It's almost that time again: Time for the annual update of the Doomsday Clock, the symbol of how close the world is to civilization-ending catastrophe.
First set in 1947, the Doomsday Clock warns humanity about how close – or far – we are to destroying our world with our own dangerous technologies. "It is a metaphor, a reminder of the perils we must address if we are to survive on the planet," according to the Bulletin of the Atomic Scientists, which sets the symbolic time each January.
In recent years, the clock's settings have mostly reflected the risk of nuclear war and the dangers of uncontrolled climate change.
This year, the clock will be updated on Tuesday Jan. 23 at 10:00 am EST in Washington, D.C. The last announcement in January 2023 came before the beginning of the Israel-Hamas war but amid nuclear tension surrounding Russia's invasion of Ukraine.
The clock has been maintained by the Bulletin of the Atomic Scientists since 1947. The group was founded in 1945 by University of Chicago scientists who had helped develop the first nuclear weapons in the Manhattan Project.
The scientists created the clock in 1947 using the imagery of apocalypse (midnight) and the contemporary idiom of nuclear explosion (countdown to zero), to convey threats to humanity and the Earth.
Each year, experts from the Bulletin decide whether the events of the previous year pushed humanity closer to or further from destruction.

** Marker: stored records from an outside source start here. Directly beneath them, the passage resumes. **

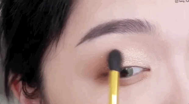 打底晕染的颜色可以是橙色,而提亮色则可以选择金黄珠光色来制造层次感,不然会让眼妆画起来很平很显肿哦~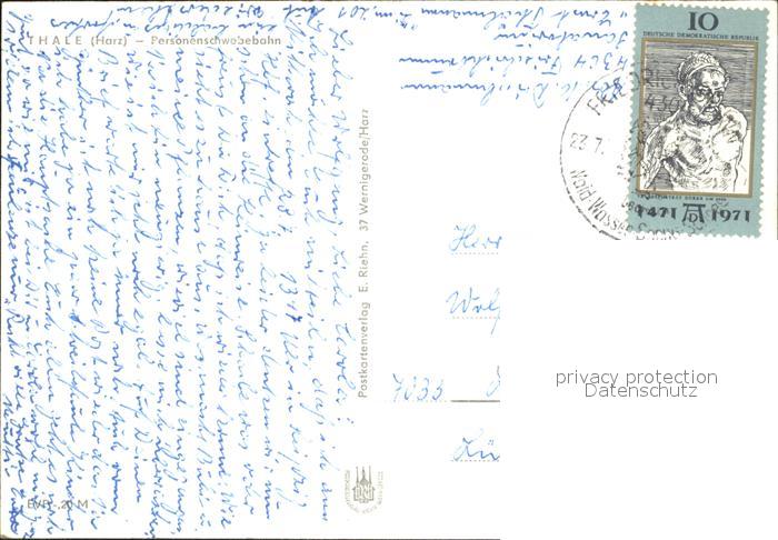 alte Postkarte Seilbahn Thale Harz postalisch gelaufen Erhaltung siehe scans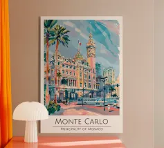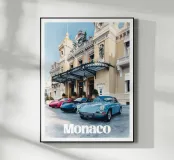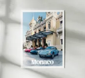 Poster artistico di Monaco che raffigura l'iconico Casinò di Monte Carlo con auto di lusso parcheggiate al suo ingresso. Un'illustrazione raffinata che cattura il glamour e l'eleganza del principato, ideale per una decorazione murale che evoca prestigio e stile.

The clock “conveys how close we are to destroying our civilization with dangerous technologies of our own making," according to the group.
The clock is at 90 seconds to midnight, the closest the clock has been to midnight in its history. Midnight is the moment that symbolizes Doomsday.
The Doomsday Clock is set each year by the 22 members of the Bulletin's Science and Security Board in consultation with its Board of Sponsors, which includes 11 Nobel laureates.
USA TODAY asked Rachel Bronson, president and CEO of the Bulletin of the Atomic Scientists, about the factors that will affect the clock's timing this year: "Climate change and nuclear risk continue to play very large factors in setting the timing of the Doomsday Clock," she said, "as the effects of the climate crisis become more felt and the threats of nuclear escalation in Ukraine and nuclear arms racing globally continue to loom large."
"For many years we have also considered various disruptive technologies from online misinformation to new bioresearch," she said. "This year the technology conversation must also include the recent rapid advancements in AI."
"Each year the Bulletin's Science and Security Board comes together to ask whether humanity is safer or at greater risk compared to when the Clock was last set – and whether it is safer or not than the last seven decades," Bronson said.
"That means that there is always the potential for it to move forward or backward based on the actions our leaders, but also all of us, take to improve or worsen the global situation."
Over the years, the clock has been referenced by the White House, the Kremlin and the leadership of many other nations. Robert Oppenheimer and Albert Einstein were on the bulletin's Board of Sponsors, and John F. Kennedy and Richard Nixon wrote pieces for the magazine.
Though not everyone agrees with the clock's settings, it is generally respected for the questions it asks and for its science-based stance.